Too Many High-Profile Iranians Are Missing, including Nuclear Scientists
Iran’s political and intelligence leaders are gravely concerned by the disappearance abroad of four high-profile officials in mysterious circumstances. Two are nuclear scientists and may be privy to Iran's darkest secrets.
Tehran suspects that the US, aided by he Israeli Mossad and Saudi intelligence, are behind the disappearances. Iranian foreign minister Manoucher Mottaki openly accused the United States of involvement in one case, that of Shahram Amiri, a member of Tehran University's nuclear physics department which had a hand in the construction of the nuclear facility near Qom.
Amiri dropped out of sight last May while on a pilgrimage to Mecca. In a statement issued after a cabinet meeting in Tehran on Oct. 7, Mottaki said documents in hand proved “US interference”.
State Department spokesman Ian Kelly denied any information about “this individual” while the Saudis dismissed reports that he had applied for political asylum.
The fuss the Iranians are making about the scientist's disappearance indicates he must be a valuable source of information about their concealed nuclear projects. They are still smarting over the case of Alireza Asgari, the deputy minister in charge of Iran's nuclear ties with Syria, who dropped out of sight in Istanbul in March 2007. Tehran has always suspected he headed straight for a flight to the United States and is in Washington up to the present day, unrecognizable after undergoing plastic surgery to alter his appearance.
The Iranians believe he is attached to a Pentagon team working on the Iranian nuclear issue.
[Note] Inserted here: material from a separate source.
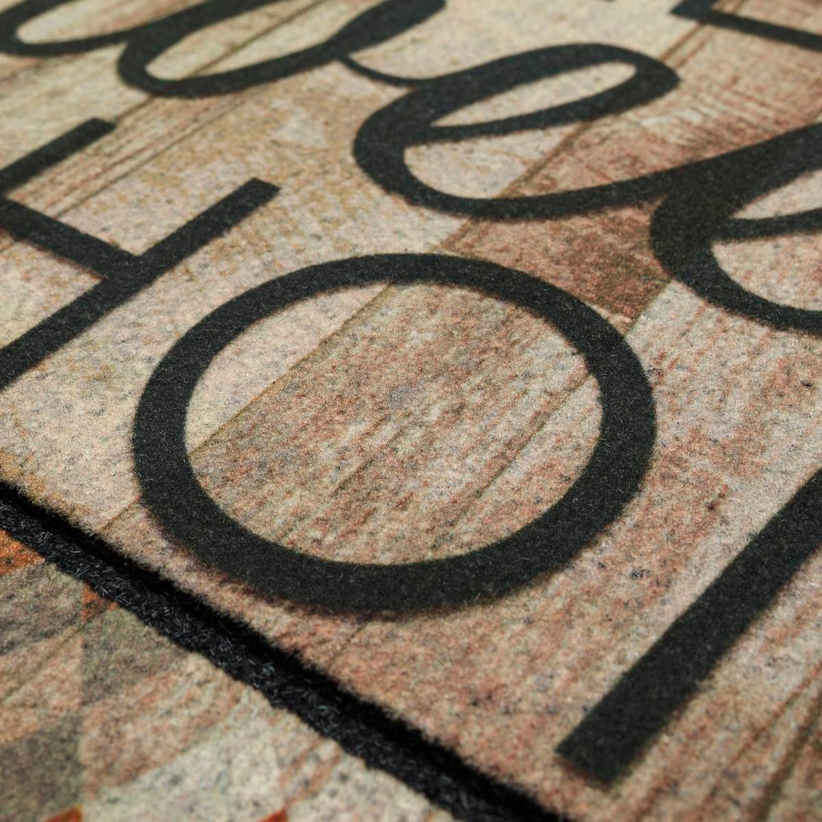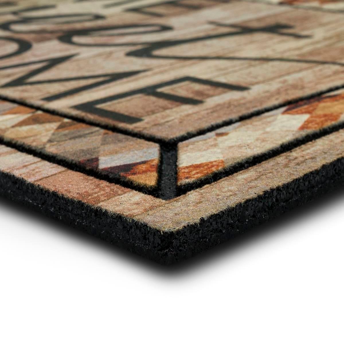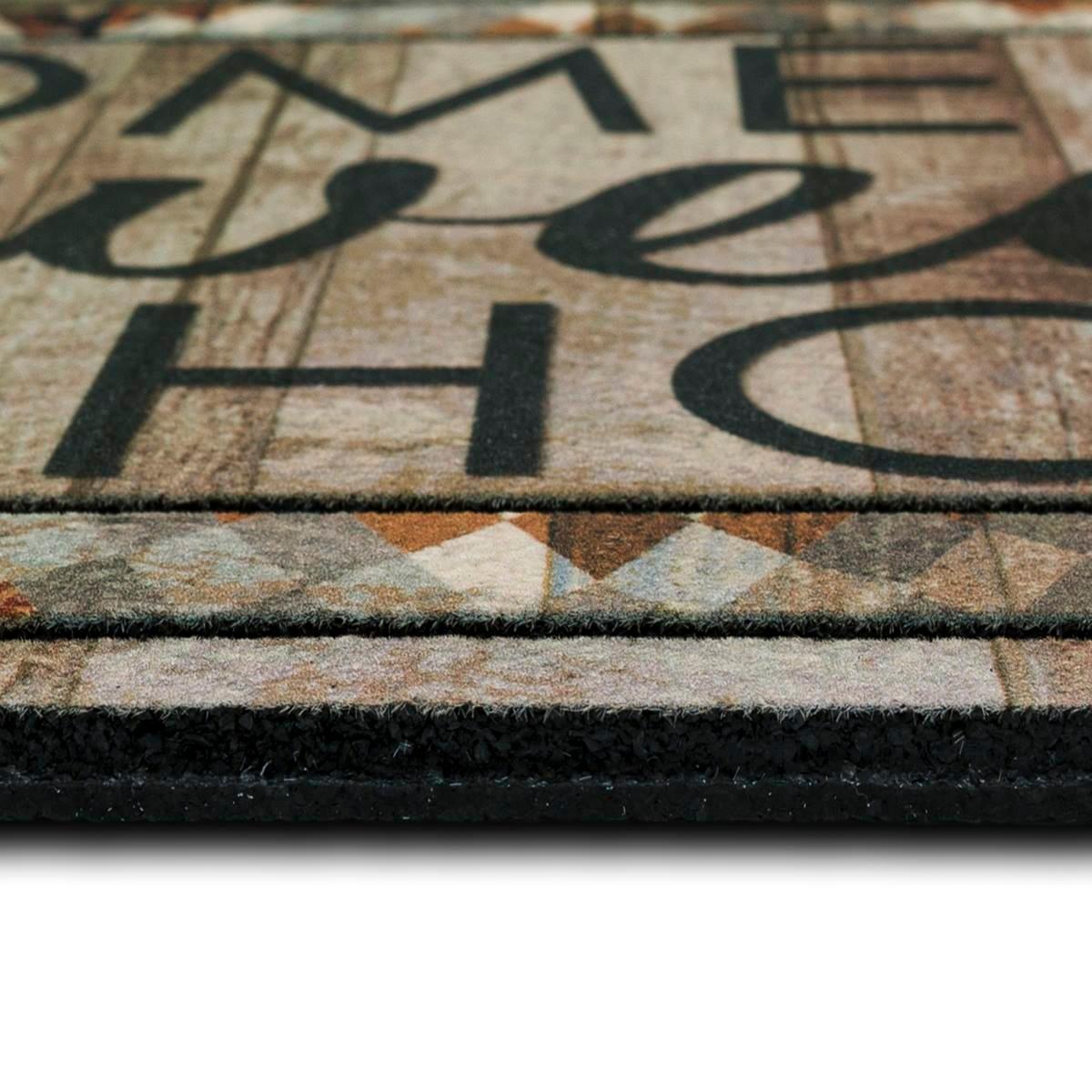 Natural neutral brown woodgrain inspired textures complement the black script print of this Mohawk Home rustic "Home Sweet Home" doormat. Environmentally friendly, the mat is backed with the dependable durability of recycled rubber. It is ideal for scraping dirt from shoes before it´s tracked indoors, helping to keep your indoors beautiful too.

The circumstances of the two disappearances are very similar. (More details of the Shahram Amiri case appear in HOT POINTS below)
A diplomat in Pakistan, a purchasing agent in Georgia
Amiri and Asgari are not the only missing high-profile Iranians.
One of their diplomats in Islamabad has vanished, apparently kidnapped by a radical Sunni group.
His name has never been disclosed, but his alias in Pakistan was Mahmoud Ziaee and his job, DEBKA-Net-Weekly reveals, was the supervision of clandestine liaison between Tehran and Pakistani nuclear scientists.
The third Iranian official to vanish is Mohammad Ardebili. He has not been seen since he was sent to Georgia to buy enriched uranium and processing equipment. Iran still does not know whether the man defected willingly or was abducted by CIA agents.
Tehran lost a second Iranian scientist two months ago. Under the alias of Heidar Samari, he was employed at the nuclear facility in Isfahan at which raw uranium is converted into a gas before its transfer to Natanz for enrichment by centrifuges.
Tehran is deeply concerned that US or Israeli intelligence has identified some of Iran's senior nuclear scientists and is targeting them for possible abduction or as defectors. In recent months, severe restrictions have been placed on their movements even inside the country. They only travel abroad under close supervision. The scientists and their families have been moved to special living quarters which are kept under constant surveillance.
Tehran was deeply shocked by reports that Israeli prime minister Binyamin Netanyahu provided Moscow with a detailed list of Russian scientists assisting the Iranian nuclear program. Heads of the regime were not reassured by the denial issued Tuesday, Oct. 6, in a statement by a very senior Russian, National Security Council Chairman, Nikolai Patrushev, former chief of the FSB, the Russian secret service.
Tehran is leaning hard on Moscow for a copy of the list, but continues to encounter blank denials of its existence.